Dr. Zeus

Narkoseärzte sind Einzelkämpfer, sagen einige meiner Kollegen. Wir stehen im OP meist am Kopfende des schlafenden Patienten. Die Chirurgen stehen dann irgendwo am Torso und erledigen ihr Handwerk. Neben mit stets jedoch immer Dr. Zeus. Oder Dr. Primus.

Mein Narkosegerät zeigt mir auf dem Bildschirm die wichtigsten Informationen an: Herzfrequenz, Blutdruck, Sauerstoffsättigung, wie viel Narkosegas in etwa in der Lunge des Patienten ist, Körpertemperatur.

Für alle diese Werte kann man Alarmgrenzen einstellen. Ist der Blutdruck zu hoch oder zu niedrig gibt es eine Alarmgeräusch und eine optische Erinnerung. Bing-bing-bing-bing-bing! Was man als erstes lernt, ist immer zuerst den Alarm-aus-Knopf zu drücken und erst anschließend zu überlegen, was denn nun das Problem ist.
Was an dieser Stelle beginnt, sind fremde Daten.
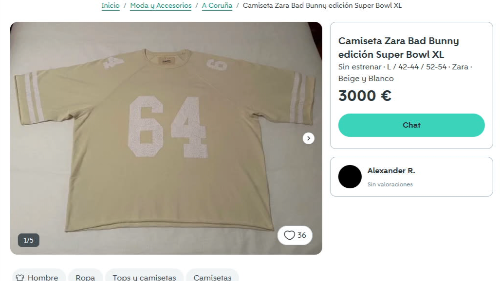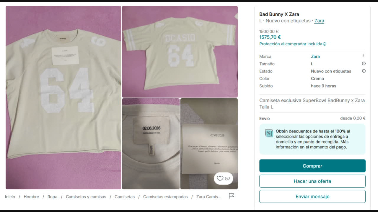 Camisetas iguais ás que o cantante portorriqueño Bad Bunny lles regalou este luns aos empregados de Zara na sede central de Inditex saíron á venda, tarxeta de agradecemento incluída, en plataformas de compravenda por Internet por prezos que oscilan este martes entre os 490 euros e os 30.000 euros.

Ist es, wie so oft, ein Messfehler oder hat der Patient — und damit man selbst als Narkosearzt — ein Problem? Zusätzlich kann man mit Dr. Zeus auch die kontinuierliche Injektion von Medikamenten steuern, sowie die Applikation des Narkosegases.

Viele empfinden Narkosemaschinen als nervig. Ich habe einige Studenten erlebt, die meinten, sie könnten sich bei dem Gepiepse nicht konzentrieren, ja die Maschine würde sie regelrecht einschüchtern, das sei ja alles Gerätemedizin.

Im Gegensatz dazu sehe ich die Narkosemaschine also meinen großen Freund, der immer da ist. (Geräteausfälle gibt es extrem selten und wenn, da haben wir stets einen manuelle Backup in der Hinterhand.) Denn: Dr. Zeus hält mir den Rücken frei, Dr. Zeus ersetzt die fehlenden Hände, die ich nicht habe, Dr. Zeus warnt mich, wenn meine Aufmerksamkeit auf etwas anderes gerichtet ist.

Ich glaube, wenn man seine Narkosemaschine nicht als Freund und Helfer sieht, dann wird man in der Anästhesie nicht lange glücklich werden.